There has been many tax changes in the residential property. The Inland Revenue Department's (IRD) focus is to educate everyone in terms of Property Sales, Bright-line, Interest Limitation, and the Purchase of New Builds.

The IRD seen many disparities in these areas, and their focus is a review of all property transactions. They are also focusing on offshore compliance and international tax affairs, to ensure the taxpayers who have offshore income is reported correctly in the tax returns.

 Bright Line Tax 

Bright line tax guide. The IRD has published the guide (IR1227). The bright line tax is changed multiple times over the years. The rules are quite complex depending on which date the property is purchased different rules apply. The bright-line property rule applies to residential property purchased or acquired on or after:

a. 1 October 2015 through to 28 March 2018 and sold within 2 years.
b. 29 March 2018 through to 26 March 2021 and sold within 5 years.
c. 27 March 2021 and sold within 5 years to the extent the property has a qualifying 'new build' on it when sold or 10 years for all other properties

 

Interest Limitation Rules

In general rule of thumb, the new rules are applied to interest on debt to purchase or operate residential investment property, which is primarily residential property rented to tenants.

Exclusions:

  1. Land outside New Zealand
  2. Employee accommodation.
  3. Farmland
  4. Care facilities, hospital, nursing homes etc
  5. Commercial accommodation: hotel, motels etc
  6. Retirement villages and rest homes
  7. Main home

Definition of New Build

The Government has decided that “new- build” residential properties should be exempted from the proposed new interest limitation rules and subject to a  five-year bright-line test (rather than a ten-year test).
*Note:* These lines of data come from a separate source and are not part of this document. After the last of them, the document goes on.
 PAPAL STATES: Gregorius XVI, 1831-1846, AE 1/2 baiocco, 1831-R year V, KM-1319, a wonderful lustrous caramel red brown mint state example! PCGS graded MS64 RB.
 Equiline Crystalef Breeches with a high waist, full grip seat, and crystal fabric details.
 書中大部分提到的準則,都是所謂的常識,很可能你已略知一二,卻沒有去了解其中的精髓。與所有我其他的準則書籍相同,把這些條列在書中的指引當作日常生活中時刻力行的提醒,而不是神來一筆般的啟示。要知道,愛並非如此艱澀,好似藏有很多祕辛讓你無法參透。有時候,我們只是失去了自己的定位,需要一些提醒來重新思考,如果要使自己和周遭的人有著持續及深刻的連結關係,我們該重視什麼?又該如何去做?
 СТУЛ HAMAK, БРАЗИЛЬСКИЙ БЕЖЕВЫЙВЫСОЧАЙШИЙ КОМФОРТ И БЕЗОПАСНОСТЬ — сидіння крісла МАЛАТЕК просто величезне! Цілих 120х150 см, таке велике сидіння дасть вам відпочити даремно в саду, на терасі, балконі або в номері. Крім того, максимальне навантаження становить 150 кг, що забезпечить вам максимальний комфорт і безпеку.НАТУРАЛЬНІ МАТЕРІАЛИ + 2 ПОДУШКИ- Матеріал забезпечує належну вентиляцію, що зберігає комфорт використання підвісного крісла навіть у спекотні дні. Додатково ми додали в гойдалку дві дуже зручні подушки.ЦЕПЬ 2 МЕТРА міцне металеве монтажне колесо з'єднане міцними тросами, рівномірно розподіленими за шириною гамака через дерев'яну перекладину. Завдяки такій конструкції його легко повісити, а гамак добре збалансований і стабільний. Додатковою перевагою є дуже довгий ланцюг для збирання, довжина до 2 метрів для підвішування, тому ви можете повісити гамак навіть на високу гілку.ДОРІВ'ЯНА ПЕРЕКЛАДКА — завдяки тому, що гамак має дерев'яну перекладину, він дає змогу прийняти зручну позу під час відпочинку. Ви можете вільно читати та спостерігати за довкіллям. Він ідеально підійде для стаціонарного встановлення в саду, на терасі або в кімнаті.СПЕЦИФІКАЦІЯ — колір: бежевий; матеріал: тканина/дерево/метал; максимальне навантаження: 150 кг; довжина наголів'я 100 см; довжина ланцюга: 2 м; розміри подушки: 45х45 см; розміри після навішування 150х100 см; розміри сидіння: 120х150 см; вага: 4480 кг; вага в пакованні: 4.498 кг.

New build is defined as:

  • A dwelling is added to vacant land
  • An additional dwelling is added to a property, whether standalone or attached
  • A dwelling(or multiple dwellings) replaces an existing dwelling.
  • Renovating existing dwelling to create two or more dwellings.

Key points of new rule

  • When a property is sold within bright line period. Revenue account rules may apply. Properties taxed on sale under the bright-line rules are held on revenue account only once it is known that they will be sold within the bright-line period. They are not held on revenue account otherwise.
  • The Government has agreed in principle that property developers should be provided an exemption from the interest limitation rules.
  • The development exemption is intended to cover:
    • land being developed by persons in the business of developing or dealing land or erecting buildings (captured under section CB 7 of the Income Tax Act 2007), and
    • other developments which may not be covered under section CB 7 but contribute to the creation of a new build. For example, persons undertaking a one-off development or developing properties to rent out themselves (if they are not already in the business of developing or dealing in land or erecting buildings).
    • Interest deductibility permission shall be allowed on debt relating to residential investment property, the debt is used for subdivision, development or erecting a new build, and the activity is carried out for the purpose of creating one or more new builds.
  • The discussion is being done to discuss properties related to remediation work.

 

*The above article is a high-level explanation of the methods of calculation, and there may be other technicalities/rules that are applicable. The complexity of the calculations can also vary. Please reach out to us if you have specific questions regarding your situation.

 

Please note that the above does not constitute specific tax advice and only intends to be a general advice. If you require specific advice related to your situation, please reach out to our tax consultant using the ‘contact us’ option.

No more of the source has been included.